**Exercise**
The lines from the one containing "of my soul |" through the last line below, both ends included, must be reproduced exactly, with no pictures.

---------- The data ----------

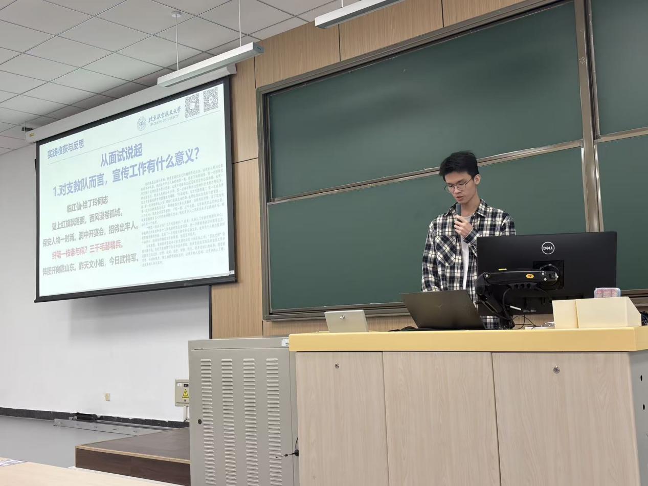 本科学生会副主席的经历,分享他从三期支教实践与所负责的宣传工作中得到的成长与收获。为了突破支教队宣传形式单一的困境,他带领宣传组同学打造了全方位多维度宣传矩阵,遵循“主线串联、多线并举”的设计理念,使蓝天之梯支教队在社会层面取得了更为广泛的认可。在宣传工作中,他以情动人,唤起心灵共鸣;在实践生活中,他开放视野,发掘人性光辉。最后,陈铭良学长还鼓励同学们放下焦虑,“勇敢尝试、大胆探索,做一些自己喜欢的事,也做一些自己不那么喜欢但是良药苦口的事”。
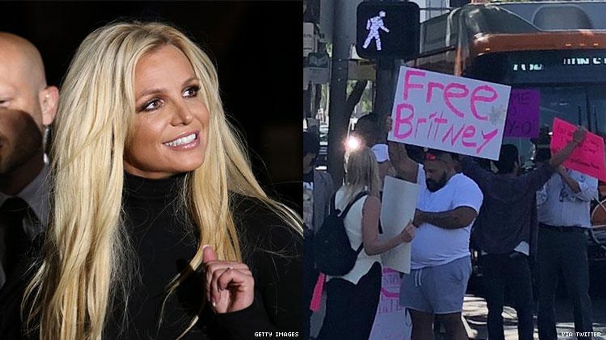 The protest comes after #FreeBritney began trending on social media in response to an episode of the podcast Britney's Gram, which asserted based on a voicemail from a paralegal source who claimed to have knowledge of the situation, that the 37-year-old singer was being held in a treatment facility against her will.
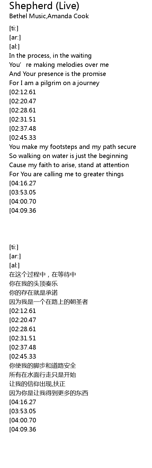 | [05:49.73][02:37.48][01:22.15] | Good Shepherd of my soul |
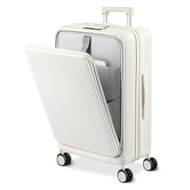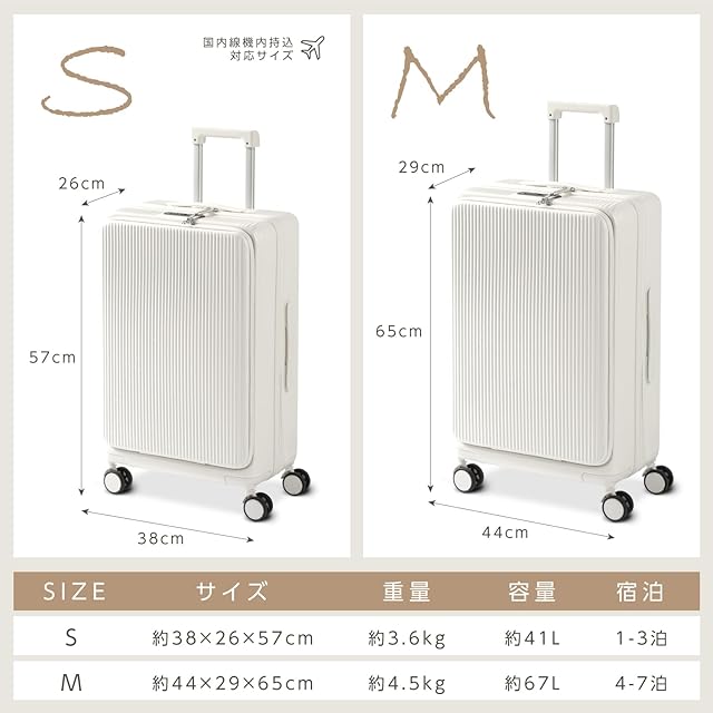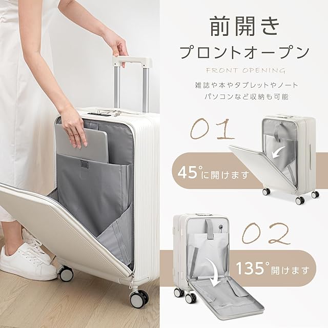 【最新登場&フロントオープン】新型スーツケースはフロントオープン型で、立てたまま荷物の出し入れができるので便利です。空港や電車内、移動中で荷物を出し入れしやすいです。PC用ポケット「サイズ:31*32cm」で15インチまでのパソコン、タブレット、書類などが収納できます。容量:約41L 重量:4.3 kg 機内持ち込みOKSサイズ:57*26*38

----------

**Written response**
 | [05:49.73][02:37.48][01:22.15] | Good Shepherd of my soul |
 【最新登場&フロントオープン】新型スーツケースはフロントオープン型で、立てたまま荷物の出し入れができるので便利です。空港や電車内、移動中で荷物を出し入れしやすいです。PC用ポケット「サイズ:31*32cm」で15インチまでのパソコン、タブレット、書類などが収納できます。容量:約41L 重量:4.3 kg 機内持ち込みOKSサイズ:57*26*38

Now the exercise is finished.